Okati Narjes, Ebrahimi-Khusfi Zohre, Zandifar Samira, Taghizadeh-Mehrjardi Ruhollah
Department of Environment, Faculty of Natural Resources, University of Zabol, Zabol, Iran.
Department of Environmental Science and Engineering, Faculty of Natural Resources, University of Jiroft, Jiroft, Iran.
Environ Geochem Health. 2025 May 31;47(7):239. doi: 10.1007/s10653-025-02533-6.

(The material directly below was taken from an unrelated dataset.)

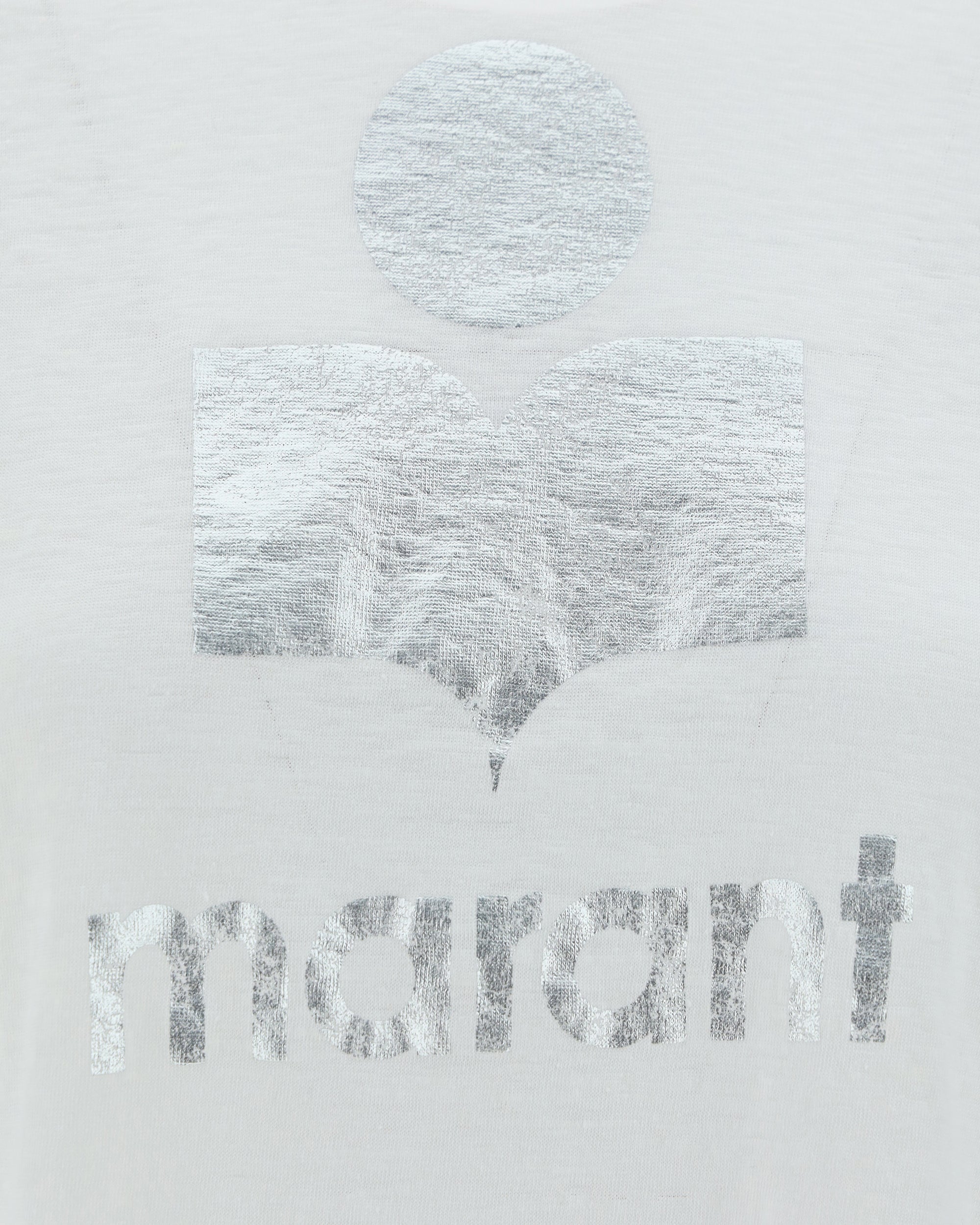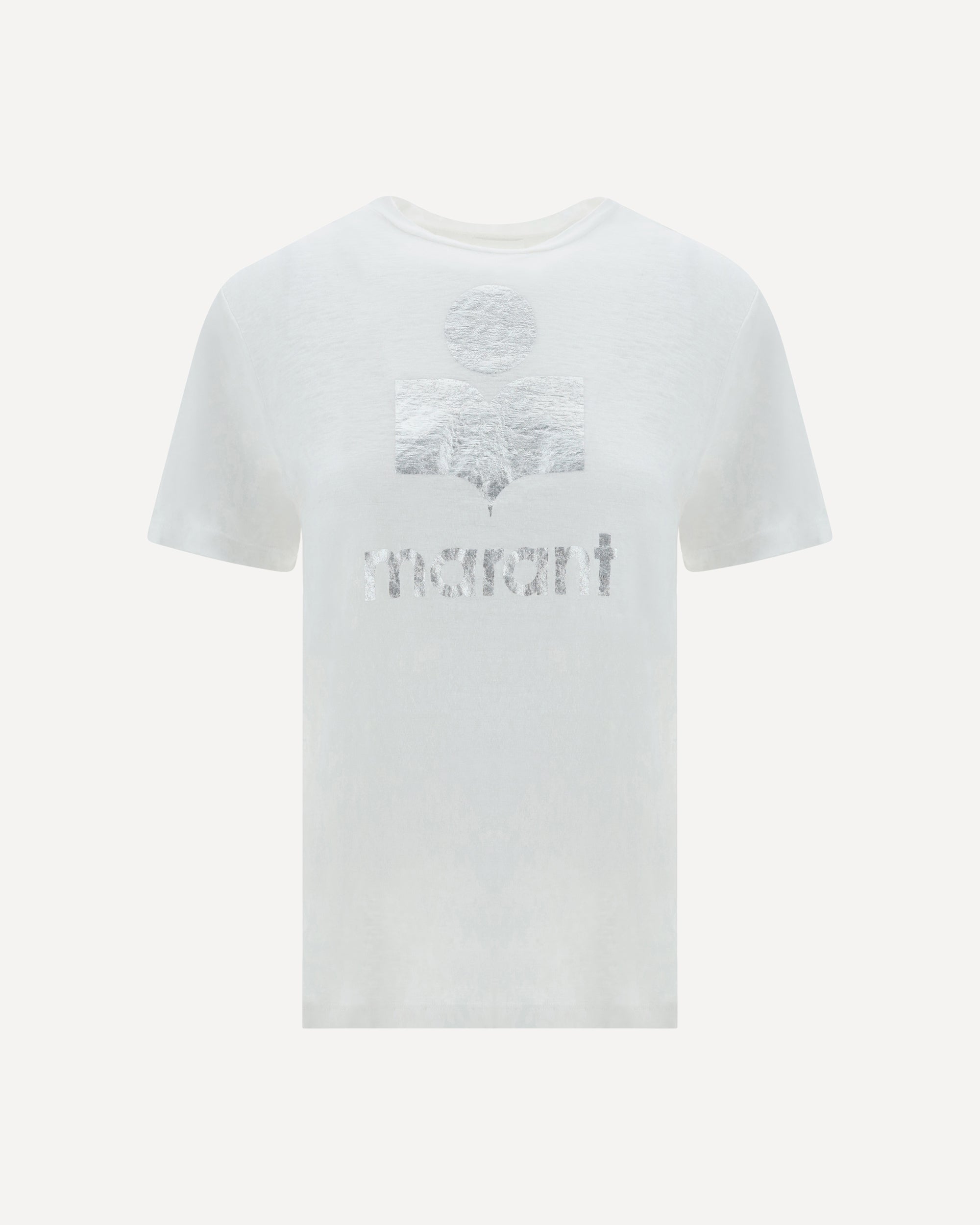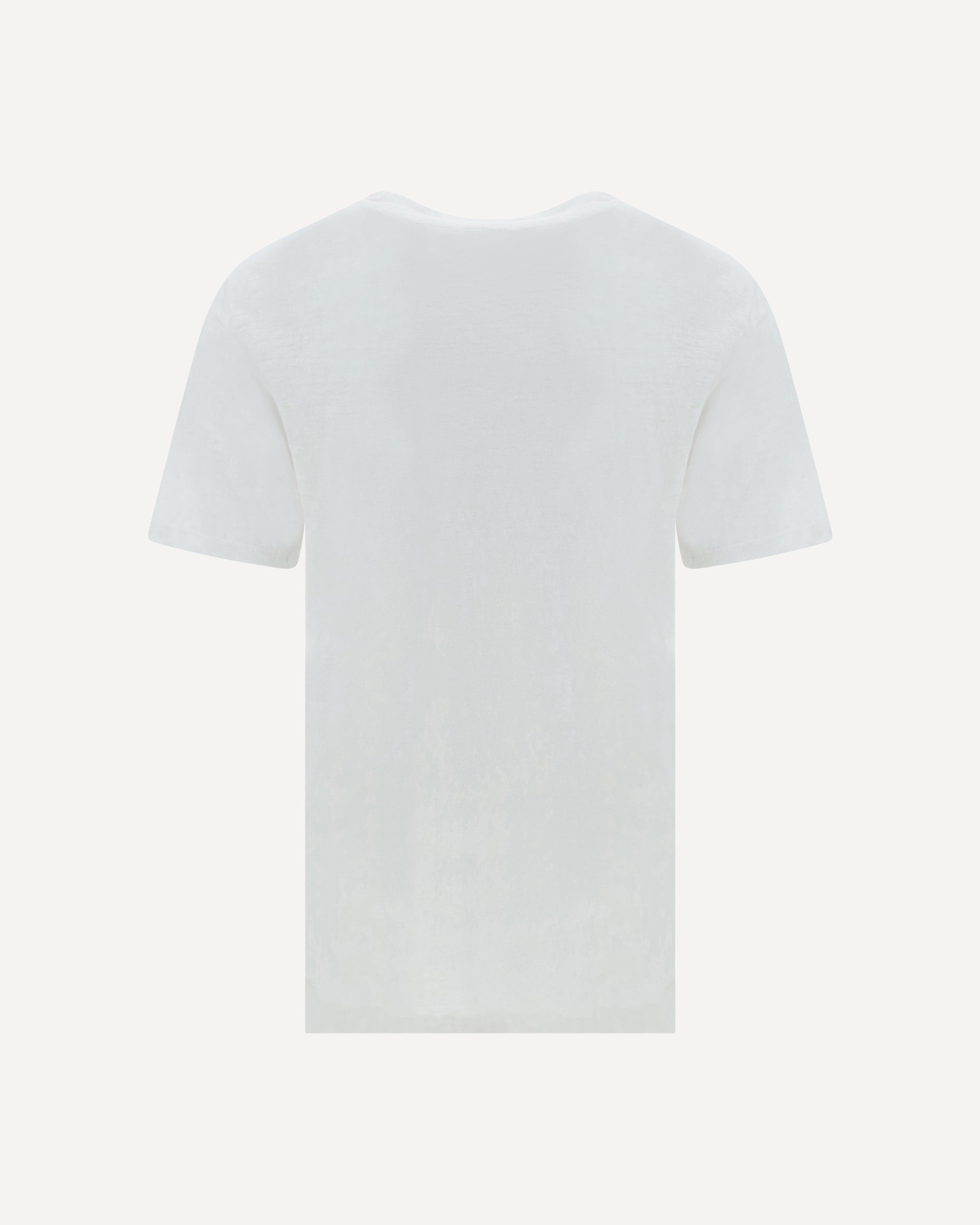 Marant Étoile's Zewel linen T-Shirt is an essential garment that combines comfort and understated style. Made of cool linen, it offers a lightweight and breathable feel that is ideal for warmer days. It features a classic ribbed crew neck and a monochrome design that enhances its versatility. The distinguishing element is the brand's iconic monogram printed in contrast on the front, a subtle but instantly recognizable detail that certifies its authenticity. With a regular fit, it adapts perfectly to different silhouettes, making it a versatile and refined garment for the everyday wardrobe.
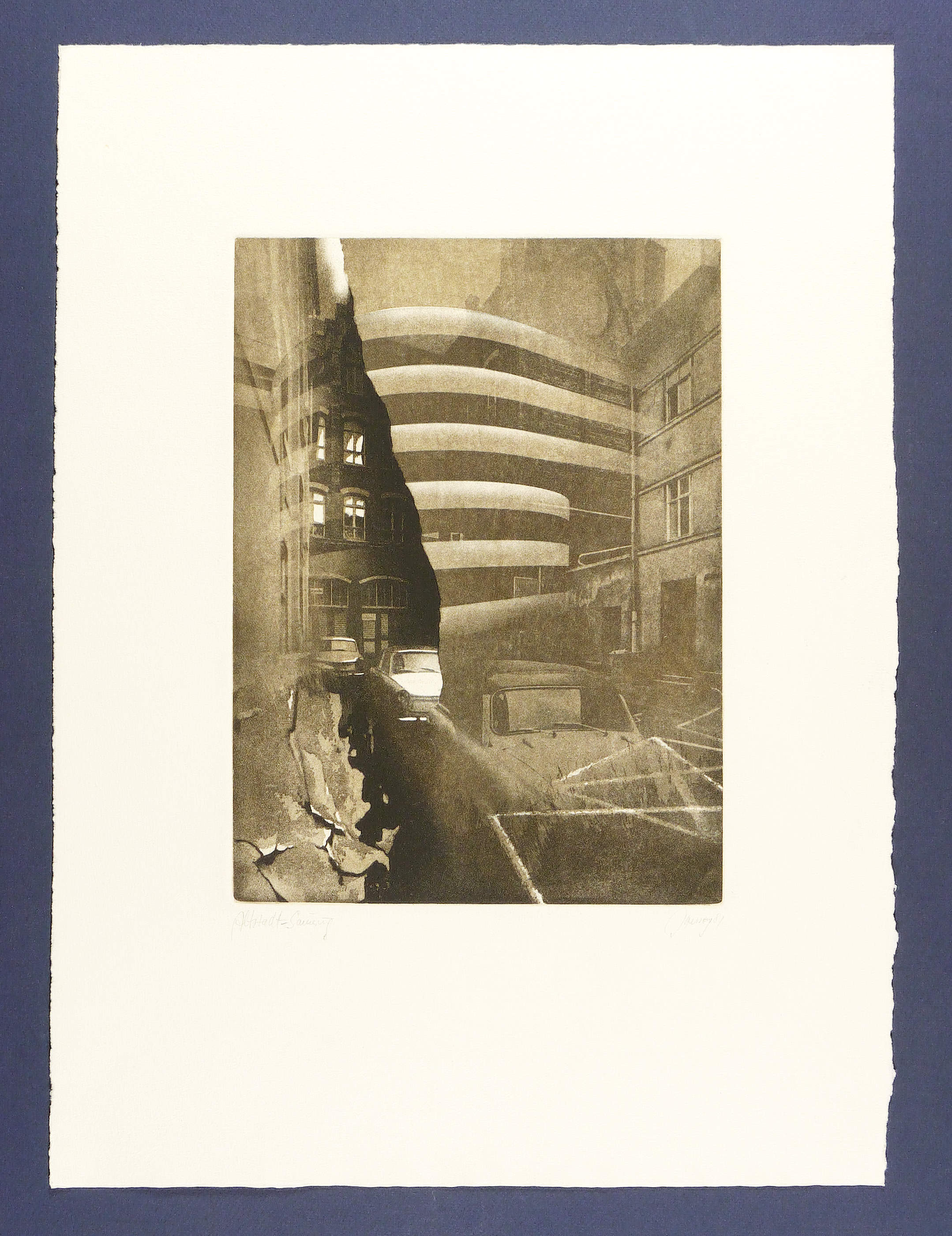 Rechts unten in Bleistift signiert und datiert. Links Titel. – Radierkünstlerische Montage fotografischer Aufnahmen einer verfallenen Altstadt (wohl Ost-Berlin), parkenden Autos (Trabant) und einer modernen Architektur. – Sehr gut erhalten.

It is necessary to predict hair mercury (Hg) levels and specify the related effective factors to develop preventive strategies to reduce Hg exposure in different regions. This study is the first effort to investigate the effectiveness of eight machine learning (ML) models (including multiple linear regression, decision tree regression, least absolute shrinkage and selection operator, multivariate adaptive regression splines, random forest, extreme gradient boosting, K-nearest neighbor, and Gaussian process) for predicting hair Hg levels and identifying the most important factors affecting them in residents of southwestern Iran. All ML models were trained with 70% of the dataset and their performance was evaluated using the determination coefficient (R), root mean square error (RMSE), and mean absolute error (MAE) based on the remaining dataset. Finally, the Permutation Feature Importance (PFI) method was used to determine the relative importance (RI) of influencing factors. Mean hair Hg (3.31 µg g⁻) was higher than the United States Environmental Protection Agency (US EPA) and World Health Organization (WHO) limits. It was indicated a high exposure risk for some people in this region. The extreme gradient boosting (XGB) model outperformed other algorithms in modeling hair Hg levels, with R = 0.61, RMSE = 2.2, and MAE = 1.25. According to the PFI analysis, weight (RI: 43.4%) and geographic place (RI: 41.8%) were found as the most important demographic factors influencing Hg variation in the study population. Additionally, occupation (RI: 46.1%) and the frequency of fish and canned fish consumption (RI: 22%) were identified as the most significant exposure factors controlling hair Hg variability in southwestern Iran. These findings can be useful for formulating appropriate strategies to reduce the health risk of Hg exposure and improve human health.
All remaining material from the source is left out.